GST and GR are frequently over-expressed in different types of cancers[37,38]. It was noted that rutin binds to GST and GR with a binding energy of –4.58 kcal/mol and –5.36 kcal/mol, respectively (Table 1) which was comparable and closer to the binding energy obtained for CDDP and known inhibitor. Rutin interacted with GST and GR involving 8 and 5 hydrogen bonds, respectively as revealed by the ligplot analysis (Table 2). Methotrexate was reported to inhibit GST activity and a molecular docking study showed that methotrexate interacted with the active site of GST[39]. It has been reported that competitive or irreversible inhibition of GR leads to a decrease in GSH levels[40]. Therefore, the interactions of rutin with these enzymes (fig. 5) and observed binding energies (Tables 1 and 2) may suggest the strong binding affinity which may cause the inhibitory effect of rutin on these enzymes leading to an imbalance/decrease in GSH level and facilitating its anticancer activity in DL cells.

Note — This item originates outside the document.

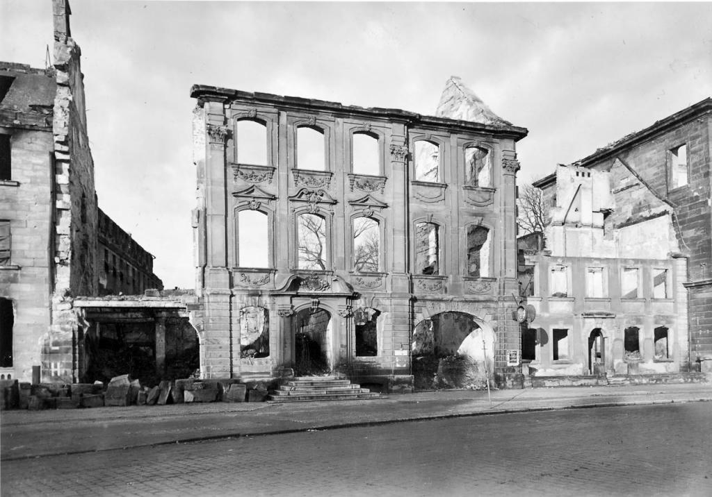 - 14. April 1945: bis auf fünf Achsen der Fassade und Erdgeschoss-Innenmauern zerstört

Receptor protein PDB ID Binding energy (ΔG) [kcal/mol] Residues mediated by hydrogen bonds Residues mediated by hydrophobic non-bonded contacts Final inter-molecular energy (kcal/mol) No. of H-bond
Bcl-xL 2YXJ –3.27 Asn128, Phe131, Gln160, Val161 and Ser164 Arg132, Asp133, Gly134, Val135, Leu162 and Val163 –8.04 9
c-FLIP 3H13 –3.17 Gln319, Ser320, Tyr322, His328, and Gly330 Gly317, Ser318, Ser329, Pro332, and His334 –7.95 8
GST 2A2R –4.58 Tyr7, Trp38, Lys44, Leu52,and Tyr108 Phe8, Val10, Arg13, Pro53,and Ile104 –9.35 8
GR 3DK8 –5.36 His82, Tyr85, and Tyr407 His75, Phe78, Asp81, and Phe87 –10.14 5

Table 2: Molecular interactions of rutin with BCL-xL, c-FLIP, GST and GR

The findings revealed that rutin induced apoptosis and decreased antioxidant ability (GSH level) in DL cells. Molecular interactions of rutin with antiapoptotic proteins, Bcl-xL, c-FLIP, and glutathione-related enzymes, GST and GR showed substantial binding energy comparable to that of CDDP and a specific inhibitor, which might indicate the potency of inhibition of these proteins/enzymes. This inhibitory potential could be involved in increasing apoptosis along with a decrease in GSH in DL cells and in the anticancer activity of rutin.


The authors gratefully acknowledge Department of Zoology and Department of Biotechnology and Bioinformatics, North Eastern Hill University, Shillong for providing the required facilities essential for the completion of the present studies.

Conflict of interest:

The authors declare no conflict of interest.